◆ YOUR GOAL
Please find all lines in the data that hold the string "voor" and copy them.

◆ DATA SECTION

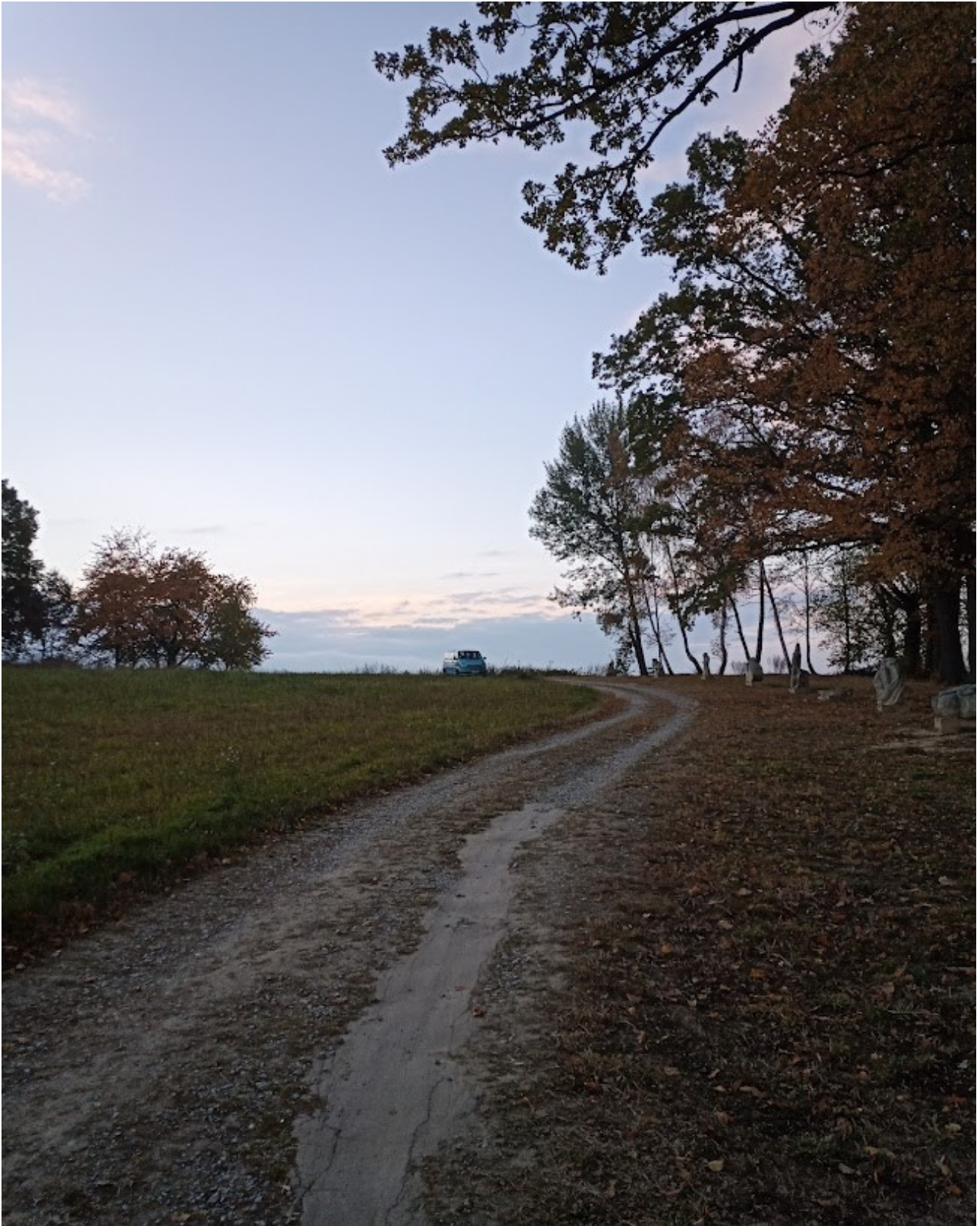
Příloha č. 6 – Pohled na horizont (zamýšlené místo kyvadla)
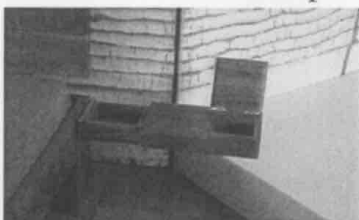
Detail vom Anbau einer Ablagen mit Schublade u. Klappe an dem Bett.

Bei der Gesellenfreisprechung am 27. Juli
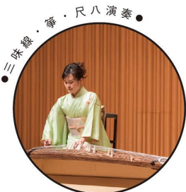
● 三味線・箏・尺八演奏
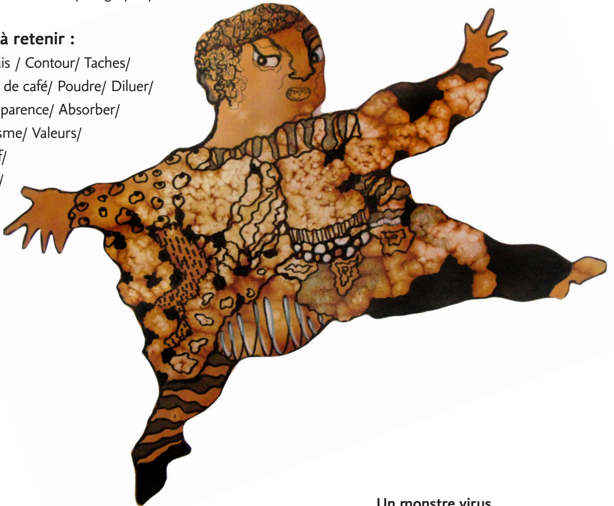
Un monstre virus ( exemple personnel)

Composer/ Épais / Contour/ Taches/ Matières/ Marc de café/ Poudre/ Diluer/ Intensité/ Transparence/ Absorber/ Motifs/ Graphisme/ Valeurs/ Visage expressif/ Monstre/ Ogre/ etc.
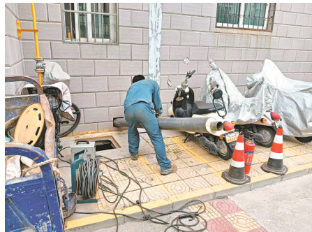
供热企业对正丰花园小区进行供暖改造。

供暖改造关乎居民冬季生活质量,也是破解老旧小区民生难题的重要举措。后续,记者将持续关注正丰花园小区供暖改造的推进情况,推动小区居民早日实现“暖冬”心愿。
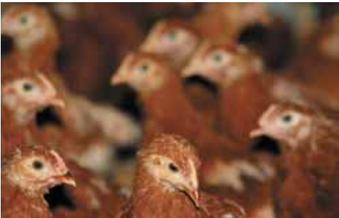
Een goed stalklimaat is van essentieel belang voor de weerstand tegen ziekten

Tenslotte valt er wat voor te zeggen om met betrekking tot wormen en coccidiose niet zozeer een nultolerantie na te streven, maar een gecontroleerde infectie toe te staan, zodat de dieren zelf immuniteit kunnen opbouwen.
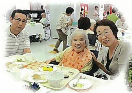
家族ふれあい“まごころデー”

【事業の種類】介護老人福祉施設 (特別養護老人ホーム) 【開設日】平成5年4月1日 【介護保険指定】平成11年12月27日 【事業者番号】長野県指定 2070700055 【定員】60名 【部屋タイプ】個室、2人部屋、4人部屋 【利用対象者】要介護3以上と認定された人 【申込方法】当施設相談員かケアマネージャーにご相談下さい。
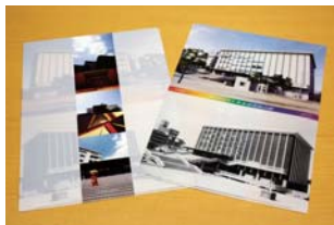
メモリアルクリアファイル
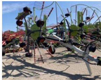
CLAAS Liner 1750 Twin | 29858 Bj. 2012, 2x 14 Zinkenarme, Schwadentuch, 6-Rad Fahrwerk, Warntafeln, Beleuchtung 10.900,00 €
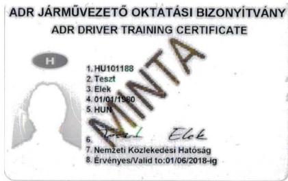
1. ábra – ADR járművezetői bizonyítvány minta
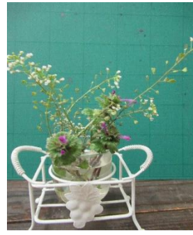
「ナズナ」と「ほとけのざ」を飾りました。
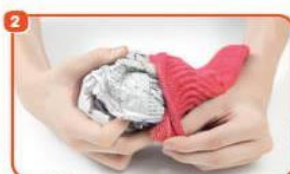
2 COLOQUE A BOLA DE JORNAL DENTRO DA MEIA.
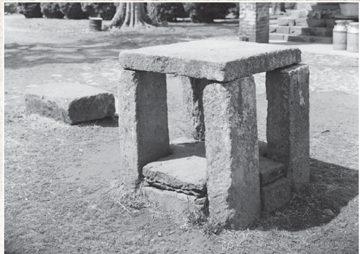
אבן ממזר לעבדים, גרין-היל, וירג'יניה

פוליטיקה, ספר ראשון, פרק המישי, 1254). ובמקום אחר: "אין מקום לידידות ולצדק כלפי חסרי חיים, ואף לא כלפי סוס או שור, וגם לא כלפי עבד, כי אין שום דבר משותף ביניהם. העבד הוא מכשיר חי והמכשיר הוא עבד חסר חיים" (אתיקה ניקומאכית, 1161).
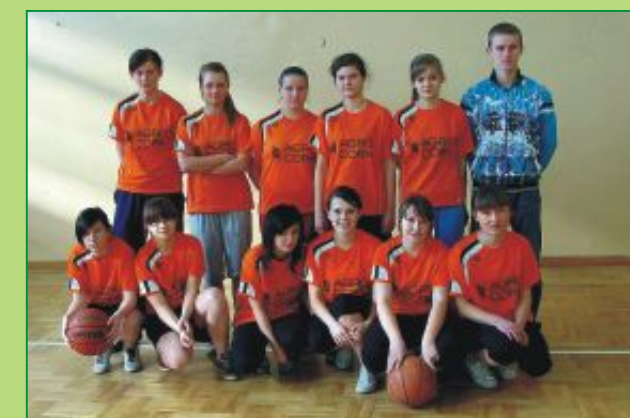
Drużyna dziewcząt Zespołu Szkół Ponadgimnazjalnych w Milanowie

◆ TASK SOLUTION
Een goed stalklimaat is van essentieel belang voor de weerstand tegen ziekten
Tenslotte valt er wat voor te zeggen om met betrekking tot wormen en coccidiose niet zozeer een nultolerantie na te streven, maar een gecontroleerde infectie toe te staan, zodat de dieren zelf immuniteit kunnen opbouwen.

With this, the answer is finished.